▶ _WORK ORDER_
With the pictures set aside, write out all of the data exactly as it stands.

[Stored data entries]
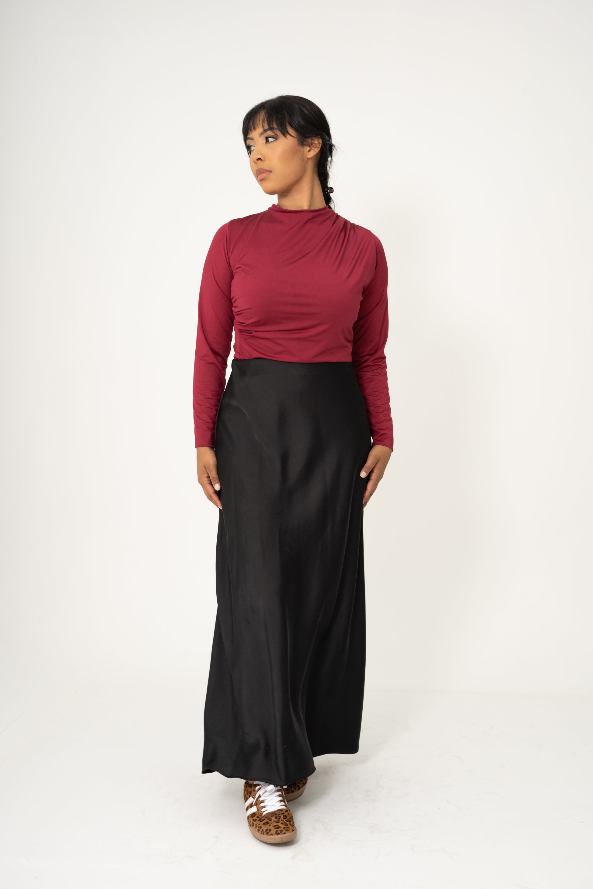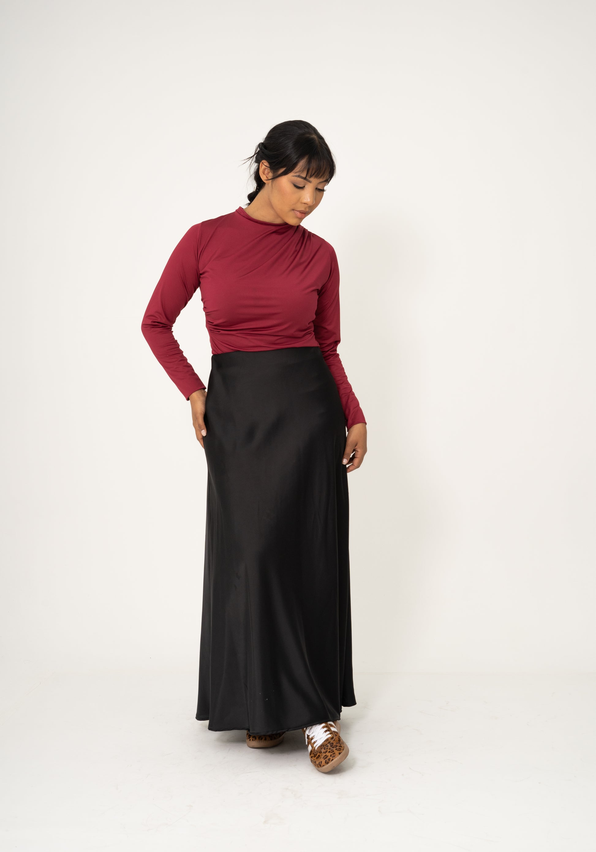 Larga, fluida y con ese brillo sutil que solo el satín puede. aportando elegancia sin esfuerzo. Ideal para looks formales o para elevar un outfit casual.
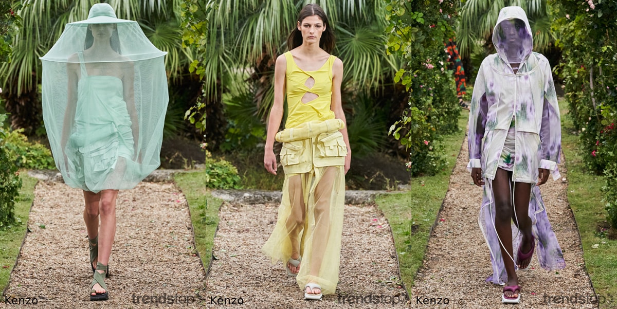 The bee-keeper veiled hats of Felipe Oliveira Baptista’s collection for Kenzo, channelled the designer’s love of nature while their protective qualities also felt timely. Elements such as multi-pocketed jackets and compartmented bags with larger bags hidden inside combined with cocooning outerwear shapes combined futuristic fantasy and functional reality.
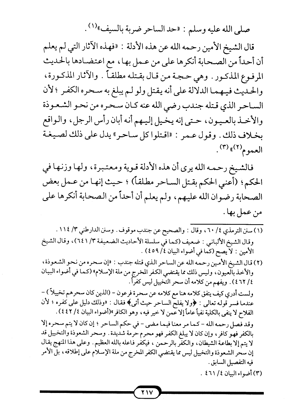 قال الشيخ الأمين -رحمه الله- عن هذه الأدلة: "فهذه الآثار التي لم يعلم أن أحداً من الصحابة أنكرها على من عمل بها، مع اعتضادها بالحديث المرفوع المذكور. وهي حجة من قال بقتله مطلقاً. والآثار المذكورة، والحديث فيهما الدلالة على أنه يقتل ولو لم يبلغ به سحره الكفر؛ لأن الساحر الذي قتله جندب رضي الله عنه كان سحره من نحو الشعوذة والأخذ بالعيون، حتى إنه يخيل إليهم أنه أبان رأس الرجل، والواقع بخلاف ذلك. وقول عمر: "اقتلوا كل ساحر" يدل على ذلك لصيغة العموم2"3.
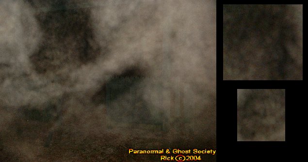 We ended up backtracking and came to a gate near the road with a dirt road leading somewhere in the heart of the woods. Tammy and I walked it and it was very very cold. I was freezing to death and right away I caught something in my flash it looked like a giant face coming right at us in the brief view of it.
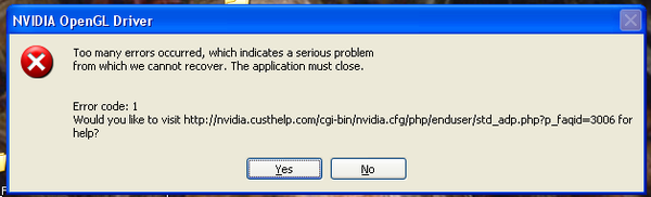 Recently updated my drivers - and Hexagon has started to fail: screen flashes blue - then the programs falls over. I receive the (attached) message.
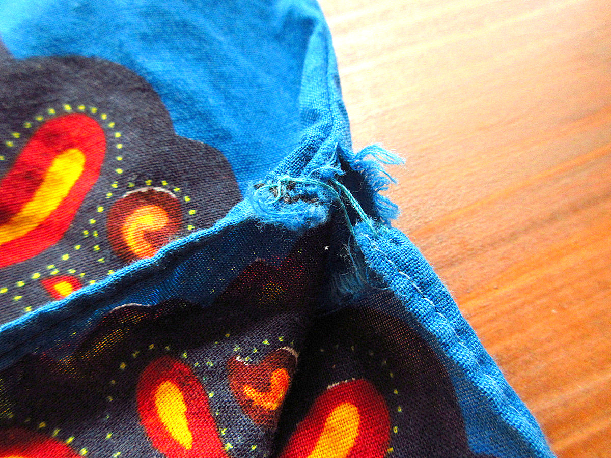 数カ所に汚れあり、裾サイドのスリットに約1cm程のダメージ、9cm程のリペア(手縫い)あり

▶ _RESPONSE TO THIS TASK_
 Larga, fluida y con ese brillo sutil que solo el satín puede. aportando elegancia sin esfuerzo. Ideal para looks formales o para elevar un outfit casual.
 The bee-keeper veiled hats of Felipe Oliveira Baptista’s collection for Kenzo, channelled the designer’s love of nature while their protective qualities also felt timely. Elements such as multi-pocketed jackets and compartmented bags with larger bags hidden inside combined with cocooning outerwear shapes combined futuristic fantasy and functional reality.
 قال الشيخ الأمين -رحمه الله- عن هذه الأدلة: "فهذه الآثار التي لم يعلم أن أحداً من الصحابة أنكرها على من عمل بها، مع اعتضادها بالحديث المرفوع المذكور. وهي حجة من قال بقتله مطلقاً. والآثار المذكورة، والحديث فيهما الدلالة على أنه يقتل ولو لم يبلغ به سحره الكفر؛ لأن الساحر الذي قتله جندب رضي الله عنه كان سحره من نحو الشعوذة والأخذ بالعيون، حتى إنه يخيل إليهم أنه أبان رأس الرجل، والواقع بخلاف ذلك. وقول عمر: "اقتلوا كل ساحر" يدل على ذلك لصيغة العموم2"3.
 We ended up backtracking and came to a gate near the road with a dirt road leading somewhere in the heart of the woods. Tammy and I walked it and it was very very cold. I was freezing to death and right away I caught something in my flash it looked like a giant face coming right at us in the brief view of it.
 Recently updated my drivers - and Hexagon has started to fail: screen flashes blue - then the programs falls over. I receive the (attached) message.
 数カ所に汚れあり、裾サイドのスリットに約1cm程のダメージ、9cm程のリペア(手縫い)あり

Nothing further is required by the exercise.